Após morte por complicações no parto, familiares e amigos cobram apuração

Familiares e amigos pedem CPI para investigar hospital após morte de jovem mãe

Poucas dores são tão profundas quanto a perda de uma jovem mãe logo após o parto. O nascimento, momento que deveria ser de alegria e celebração, transformou-se em luto para familiares e amigos da arquiteta e urbanista Larissa Pompermayer Ramos, de 29 anos, que morreu devido a complicações de uma cesariana realizada em Campo Novo do Parecis (MT).

A filha de Larissa, Liana, sobreviveu, mas agora a comunidade busca respostas sobre o atendimento médico e as condições do hospital onde o parto ocorreu. Larissa passou pelo procedimento no dia 2 de novembro e, de acordo com informações médicas, desenvolveu um quadro de sepse.

A sepse, uma infecção generalizada que evolui rapidamente, resultou na morte da jovem sete dias após a cirurgia. O caso está sendo investigado pela Polícia Civil, suscitando suspeitas de negligência médica e causando profunda comoção na cidade.

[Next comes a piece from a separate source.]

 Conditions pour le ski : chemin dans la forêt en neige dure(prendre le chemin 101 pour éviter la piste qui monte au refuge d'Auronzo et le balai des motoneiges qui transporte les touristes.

O companheiro de Larissa, o nutricionista Gabriel Henrique Weber, relatou a dor de ver os planos do casal interrompidos de forma abrupta. “Tínhamos tantos sonhos, planejamos juntos o nome da nossa filha, nossa casa… e, de repente, tudo foi tirado”, lamentou. Ele, assim como familiares e amigos, exige justiça e melhorias no sistema de saúde do município.

A comoção se transformou em mobilização: moradores de Campo Novo do Parecis protocolaram na Câmara de Vereadores um pedido de abertura de uma Comissão Parlamentar de Inquérito (CPI) para investigar o Hospital Municipal, administrado pelo Instituto Social São Lucas.

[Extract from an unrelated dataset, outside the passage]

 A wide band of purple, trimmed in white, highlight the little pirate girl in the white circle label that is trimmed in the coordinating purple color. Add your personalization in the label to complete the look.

A petição aponta problemas estruturais graves, falta de insumos, superlotação e até o fechamento temporário do centro cirúrgico, fatores que, segundo os signatários, comprometem o direito à saúde e colocam vidas em risco.

O Instituto São Lucas declarou que Larissa recebeu atendimento de urgência e assistência completa, mas não resistiu. Enquanto as autoridades investigam os fatos, a população local clama por mudanças e por um sistema de saúde mais humano, para que tragédias como esta não se repitam.

Além do pedido de CPI, o caso gerou debate nacional sobre a segurança de partos hospitalares e a fiscalização de unidades de saúde em municípios de pequeno porte. Especialistas reforçam a necessidade de protocolos rigorosos para prevenir infecções pós-cirúrgicas e garantir atendimento de qualidade a gestantes.

Organizações de defesa da saúde também se manifestaram, destacando a importância de acompanhamento médico contínuo e transparência nos hospitais públicos e privados. A morte de Larissa tornou-se símbolo da urgência em enfrentar problemas estruturais que afetam diretamente a vida de mães e recém-nascidos.

Enquanto a investigação segue em andamento, familiares, amigos e moradores de Campo Novo do Parecis permanecem mobilizados, esperando não apenas justiça para Larissa, mas mudanças efetivas que evitem que outras famílias enfrentem a mesma tragédia.